Broaden Your Horizons

“If you look beyond the most famous wine regions, you can often get more for your money,” says Kate Leahy, author of Wine Style, a guide to figuring out which varietals you like, with recipe pairings. “If you like Napa cabernets but not their usual high price tags, consider cabs from Australia.” Also, keep an eye out for wines from Portugal and Spain, two countries where good wine is often underpriced compared with more famous—and highly marketed—wine producers, like France and the United States.

Read the Fine Print

We’d be robots if we didn’t respond to those cool, artistic labels on the fronts of bottles! Just remember to also turn the bottle around. Leahy checks the back label to see where the wine hails from— the more specific the location, the better the wine (usually). “If a bottle of pinot noir says California, great. California Central Coast, even better. Santa Barbara, California, even better.” If you’re drinking a foreign bottle and you like it, note the name of the importer. “That way, you can seek out other wines they import,” Leahy says, because importers tend to maintain standards across their portfolios.
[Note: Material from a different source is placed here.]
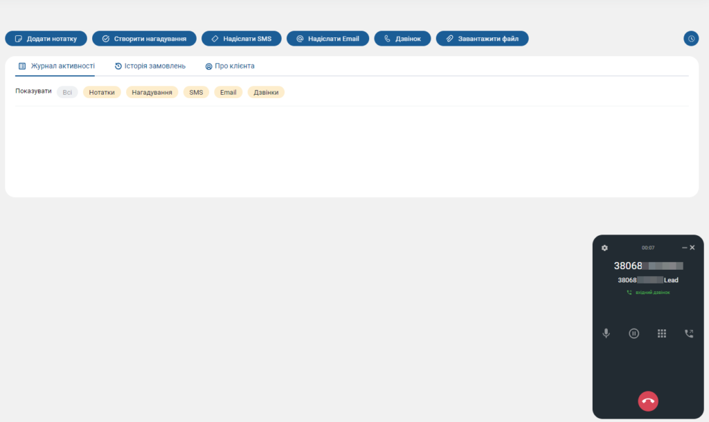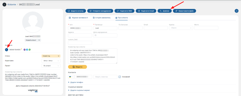 9. Уже можна здійснювати дзвінки з CRM. Для цього слід перейти до картки клієнта та натиснути на кнопку “Дзвінок” або піктограму біля номеру телефону контакту.

Zachary Sussman, author of The Essential Wine Book, also suggests looking for phrases like “estate bottled” on American wines and “mis en bouteille au château” on French wines. These terms mean the winemaker had control of the entire process, from grape growing to wine bottling. “Chances are, the wine was made by a smaller, often family-run estate that puts care into it, not some giant conglomerate that might put less emphasis on quality,” Sussman says.

Pay Attention to Colors

If you know you like crisp, refreshing whites, scope out the store for paler wines, Leahy says. If you prefer richer, more buttery whites, look for wines more golden in color. While this trick won’t work 100 percent of the time, it can help you narrow down your choices. You can shop rosés by color too, Leahy “There are exceptions, but looking at the color is a good way to get a sense of what’s in the bottle.”

Pull Out Your Phone

There’s an app for everything these days— including wine shopping. Cohen likes Vivino (free; iOS and Android), which scans the label and provides crowdsourced data and reviews for that particular bottle, a boon when you’re choosing between a dozen or more bottles of sauv blanc. “Vivino really comes in handy once you start inputting your own ratings and tasting notes. The system will analyze your preferences to help steer you toward a bottle you’ll enjoy,” she adds.

Be Adventurous

This might sound odd, considering I’m trying to help you pick a winner, but both Leahy and Cohen recommend going outside your comfort zone at times…even if you end up with a bottle you wouldn’t buy again. “The next time you shop, grab something you love, but also something you’ve never tried,” Cohen says. If you find the wine undrinkable, freeze it in ice cube trays and use it for future deglazing and braises. Any fails will be worth it, if they get you closer to knowing exactly what you love.